■ PROMPT
Write out word for word the lines from the one holding "An infrared (IR)" through the end of the data, and only those lines. Pictures stay out.

■ STORED DATA
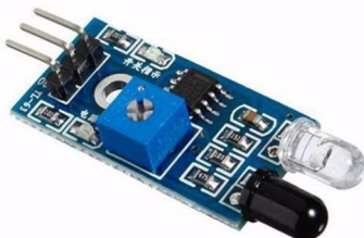
Fig 2: IR Sensor

An infrared (IR) sensor is an electronic device that measures and detects infrared radiation in its surrounding environment. Infrared radiation was accidentally discovered by an astronomer named William Herchel in 1800. While measuring the temperature of each color of the light (separated by a prism), he noticed that the temperature just beyond the red light was highest. IR is invisible to the human eye, as its wavelength is longer than that of visible light (though it is still on the same electromagnetic spectrum). Anything that emits heat (everything that has a temperature above around five degrees Kelvin) gives off infrared radiation.
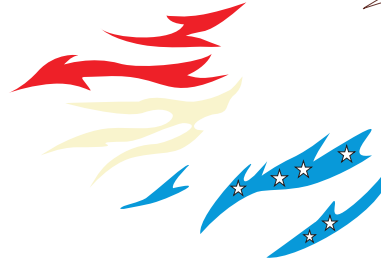
Six Laser Cut Feather Inlays

■ RESPONSE AREA
An infrared (IR) sensor is an electronic device that measures and detects infrared radiation in its surrounding environment. Infrared radiation was accidentally discovered by an astronomer named William Herchel in 1800. While measuring the temperature of each color of the light (separated by a prism), he noticed that the temperature just beyond the red light was highest. IR is invisible to the human eye, as its wavelength is longer than that of visible light (though it is still on the same electromagnetic spectrum). Anything that emits heat (everything that has a temperature above around five degrees Kelvin) gives off infrared radiation.
Six Laser Cut Feather Inlays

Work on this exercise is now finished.